For ACL tears managed without surgery, the rehabilitation program becomes even more important because there’s no graft to stabilize the joint. The focus is on building the muscles around the knee, especially the hamstrings and quadriceps, to compensate for the missing ligament. Neuromuscular training, which teaches your body to react quickly and stabilize the knee during unexpected movements, is a key component. This type of rehabilitation can take several months of dedicated work, but for the right candidates it restores enough functional stability to return to most activities.

Realistic Recovery Timelines

For mild MCL or LCL sprains (grade 1), expect one to three weeks before you feel normal. Moderate tears (grade 2) take four to six weeks. Severe collateral ligament tears (grade 3) require six weeks or longer.
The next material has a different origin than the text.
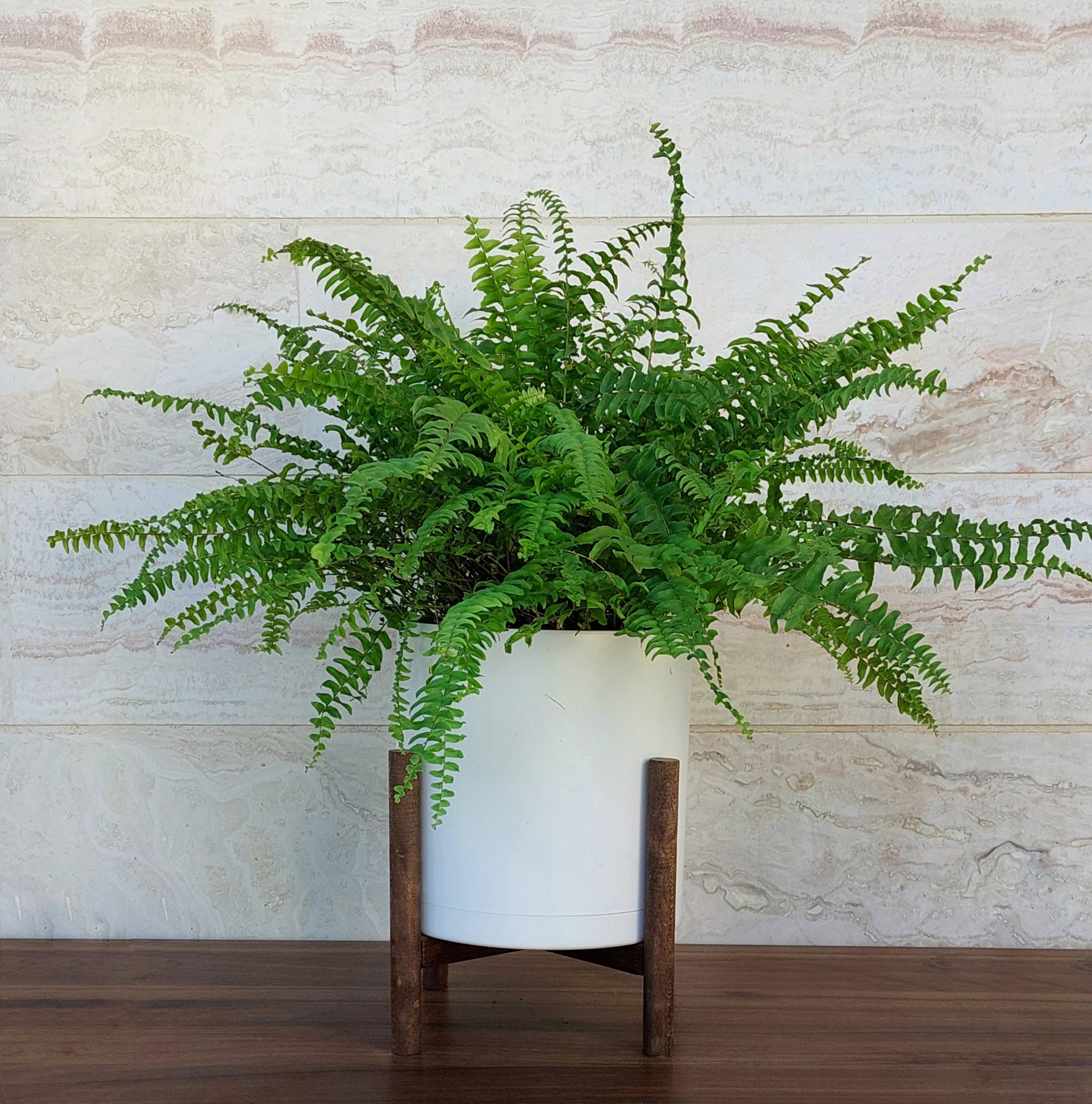 گیاه سرخس بوستون با گلدان پلیمری و پایه چوبی

ACL reconstruction recovery is a longer commitment. The traditional approach targets return to sport at 9 to 12 months. Some accelerated programs aim for 6 months, but this is generally reserved for highly motivated athletes with excellent early progress. Higher-level activity like jogging and basic agility work typically begins around 12 to 16 weeks post-surgery, assuming you’ve hit all the benchmarks for strength, range of motion, and swelling control.

Regardless of which ligament was injured or how it was treated, rushing back is the biggest risk factor for reinjury. Meeting objective, measurable criteria at each stage, rather than going by how the knee feels on a good day, is what separates a successful recovery from one that leads to setback.